In the practice of frequency analysis, some probability distributions are abandoned due to the absence of a convenient way of handling them. Burr Type-III (`BrIII`), Burr Type-XII (`BrXII`), and Generalized Gamma (`GG`) distributions are examples of such abandoned distributions. Most past studies involving frequency analysis ignored the unconventional distributions regardless of their remarkable advantages. For example, [Zaghloul et al. (2020)](https://doi.org/10.1016/j.advwatres.2020.103720) reveals the importance of using `BrIII` and `BrXII` distributions instead of the commonly used Generalized Extreme Value (`gev`) distribution for flood frequency analysis across Canada. Also, [Papalexiou and Koutsoyiannis (2016)](https://doi.org/10.1016/j.advwatres.2016.05.005) recommended the use of `BrXII` and `GG` distributions for describing daily precipitation across the globe.

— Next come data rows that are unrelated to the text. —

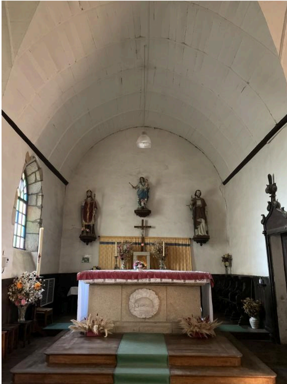
Vue de l'autel et du ch#ur
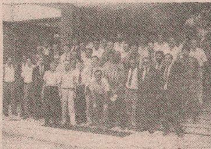
Гости у Бањалучкој пивари
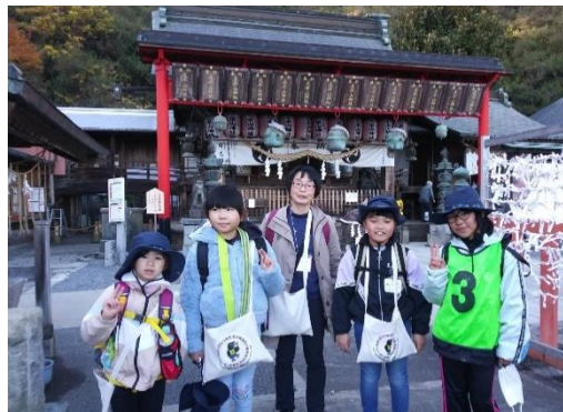
太平山神社前にて
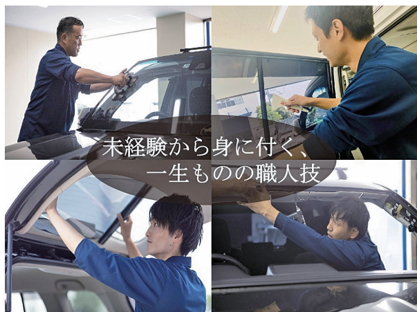
自分の技術が力になる! ガラス作業のプロ!

10年、20年、30年と自動車業界で未永く生き抜いていける力を当社で身に付けてください。
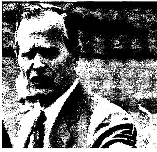
Il presidente Usa, George Bush
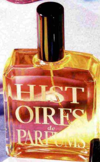
HISTOIRES DE PARFUMS L'eau de parfum Mouline Rouge ha note di rosa, orris, ambra e vaniglia. 120 ml, 155 euro. cale.it
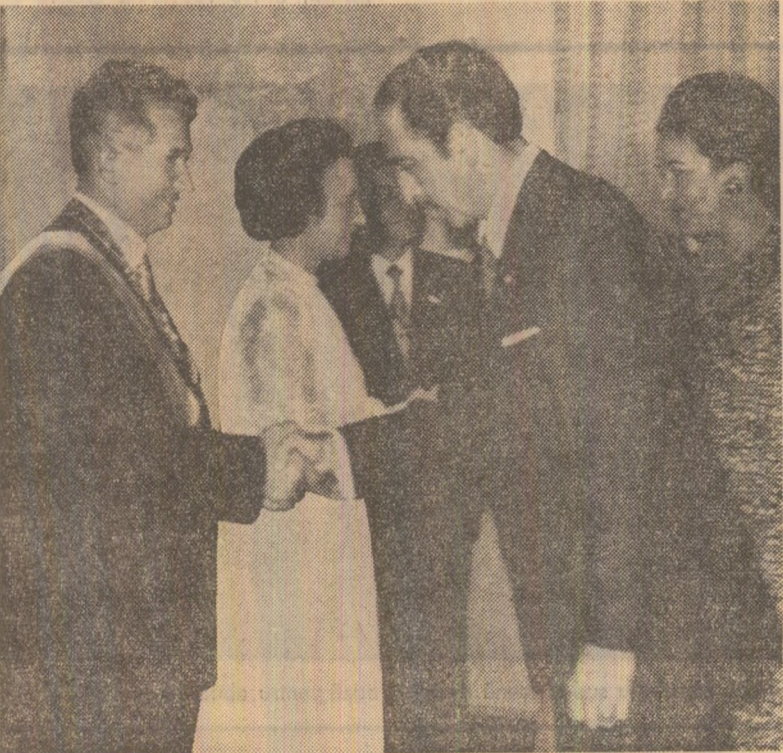
La ceremonia prezentării șefilor misiunilor diplomatice acreditați la Caracas

la invitația ministrului minelor, și am fost primiți cu cea mai mare amabilitate, vizita dovedindu-se deosebit de interesantă pentru noi în ce privește cunoașterea diferitelor aspecte legate de dezvoltarea economică a țării dumneavoastră. Singurul lucru pe care mi-l dorim este ca să plecăm de la noi cu amintiri într-un fel asemănătoare celor cu care ne-am întors noi din țara dumneavoastră. Cînd v-am dus să vedeți fluviul Orinoco ne-am gîndit la Dunăre. Întreprinderea noastră siderurgică ne amintește de Combinatul de la Galați.
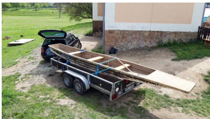
foto_2 - Čerw v roli testovacího plavce

Bonus: foto_1 - první využití Karlova řidičského oprávnění skupiny E
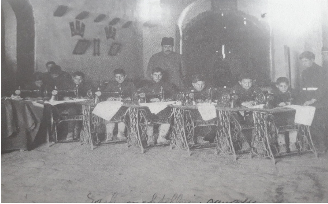
EK-1- Sanayi Mektebi Terzilik Şubesi talebeleri.

(Kaynak: KARABEKİR, Kazım, Çocuk Davamız , Y.K.Y, İstanbul 2019, s. 451.)
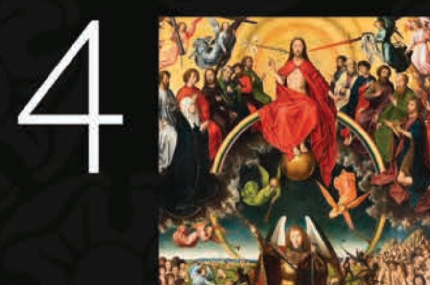
Em um semicírculo estão os doze apóstolos.
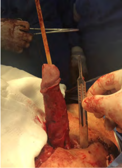
Figura 5. Caso 1, fotografía lateral del pene sin piel liberado del tejido fibroso
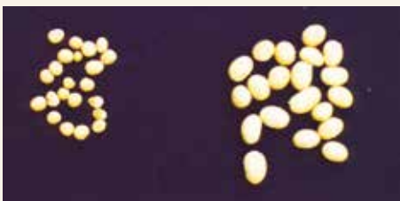
Seme oštećenih i zdravih biljaka
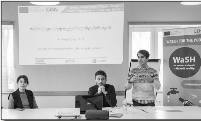
2019 წლის 13-14 თებერვალს CENN, ევროკავშირისა და New World Program-ის მიერ დაფინანსებული პროექტების: „წყალი სიღარიბის აღმოსაფხვრელად“ და

„საქართველოს WaSH (წყალი, სანიტარია და ჰიგიენა) სათემო ინიციატივა (GC-WaSH)“ ფარგლებში ჩატარდა მედია-ტური ეროვნული და რეგიონული მედია ჟურნალისტებისათვის, რომლის მიზანი იყო მედიის როლის გაზრდა ადამიანის უფლებების მიმართულებით წყლის, სანიტარიისა და ჰიგიენის საკითხების გაშუქების პროცესში.
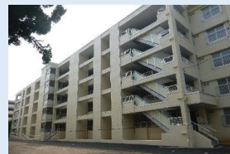
県営住宅の全面的な改修事例
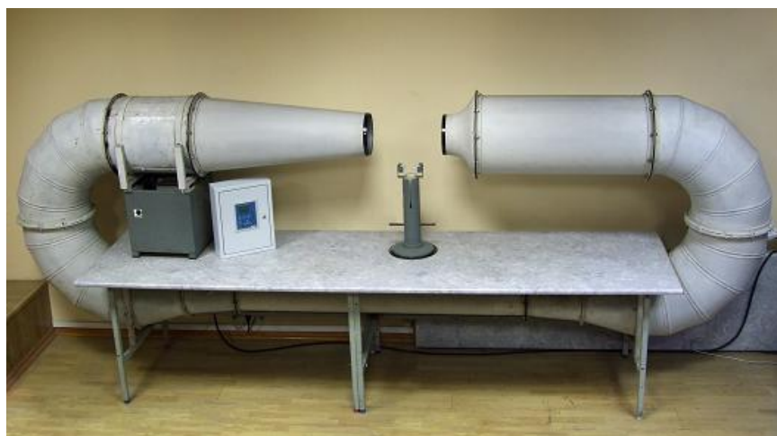
Рисунок 3 - Установка аэродинамическая А-02з
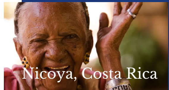
Nicoya, Costa Rica

Blue Zones® sada je zaštitni znak Blue Zones, LLC, i odražava životni stil i okoliš najdugovječnijih ljudi na svijetu. Više o plavim zonama u našim sljedećim susretima.
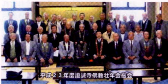
平成23年度證誠寺佛教壮年会総会
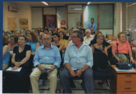
Μαθήματα εθελοντών βοηθών υγείας

Με το εξειδικευμένο προσωπικό του ΚΕ.Κ.Υ.Π., γίνονται δωρεάν τέστ αξιολόγησης μνήμης σε όλα τα ΚΑΠΗ του Δήμου. Μέχρι τώρα εξετάστηκαν περίπου 200 άτομα. Σε όσους διαπιστώνεται πρόβλημα συστήνεται να απευθυνθούν σε ειδικό γιατρό.
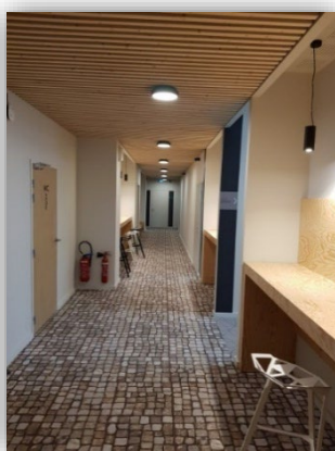
Espace formation indépendant 200m 2
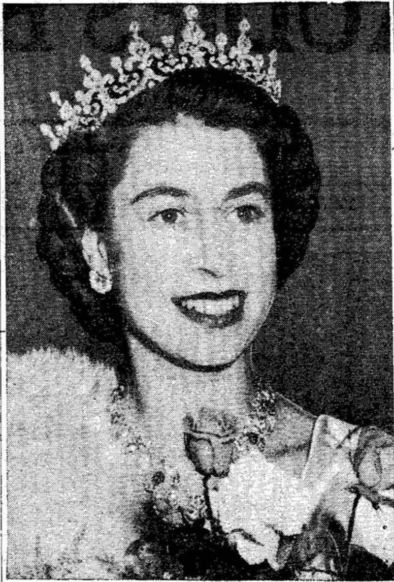
Princesė Elizabeth, kuri su savo vyru Edinburgho diuku, Quebec. Atidėjimo priežastis yra jos tėvo karaliaus atidėtas visą savaitę, tad Jurgio VI operacija.

BONN. — Vakarinės Vokietijos premjeras Adenaueris siūlo sukurti vokiečių armiją iš 250,000 vyrų, kuri tačiaus bus komandoj gen. Eisenhowerio kaip ir kitos Atlantanto Pakto armijos.
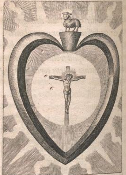
Agnus pascue deputatur; Corde Christus sumitur.

Cor signatum Agno & Hostia in cultum Christi Redemptoris.
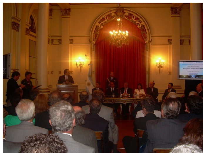
Casa Rosada diciembre 2006 - Anunciamos con orgullo el plan de crédito global para Pymes.
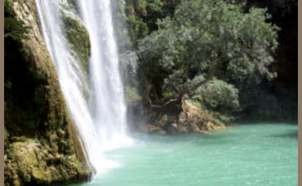
7 Les Gorges du Caramy Tourves
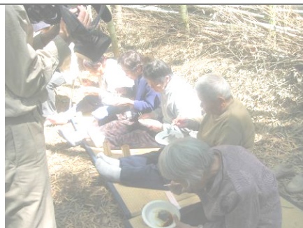
テレビ撮影に緊張気味！？

Various conventional and unconventional distribution are covered by `LMoFit`, which is the first package that facilitated the use of some unconventional distributions that are:

(1) Burr Type-III (`BrIII`)
(2) Burr Type-XII (`BrXII`)
(3) Generalized Gamma (`GG`)

While the commonly used conventional distributions are masked from the '`lmom`' package by [Hosking, J.R.M. (2019)](https://CRAN.R-project.org/package=lmom). These conventional distributions are:

(4) Normal (`nor`)
(5) Log-Normal (`ln3`)
(6) Pearson Type-3 (`pe3`)
(7) Generalized Normal (`gno`)
(8) Generalized Pareto (`gpa`) 
(9) Generalized Logistic (`glo`)
(10) Gamma (`gam`)
(11) Generalized Extreme Value (`gev`) with different parameterization

For each of the above-mentioned distributions, `LMoFit` provides functions that:

* Fit the distributions, i.e. parameter estimation.
* Estimate cumulative probabilities of non-exceedance of specific quantiles.
* Estimate probability densities of specific quantiles.
* Estimate quantiles of specific return periods or specific cumulative probabilities of non-exceedance.
* Estimate return periods of specific quantiles.

***
# Overview of functions {#section_2}

## Estimation of sample L-moments and L-moment ratios

`LMoFit` follows the method of [Hosking, J.R.M. (1990)](https://doi.org/10.1111/j.2517-6161.1990.tb01775.x) in estimating sample L-moments. The function is referred to as `get_sample_lmom()` and can be implemented as follows. For an embedded sample `FLOW_AMAX` of annual maximum streamflow in cfs observed at a gauge in BC, Vancouver, Canada @ Lat: 51Â°14'36.8Â¨N, Long:116Â°54'46.6Â¨W.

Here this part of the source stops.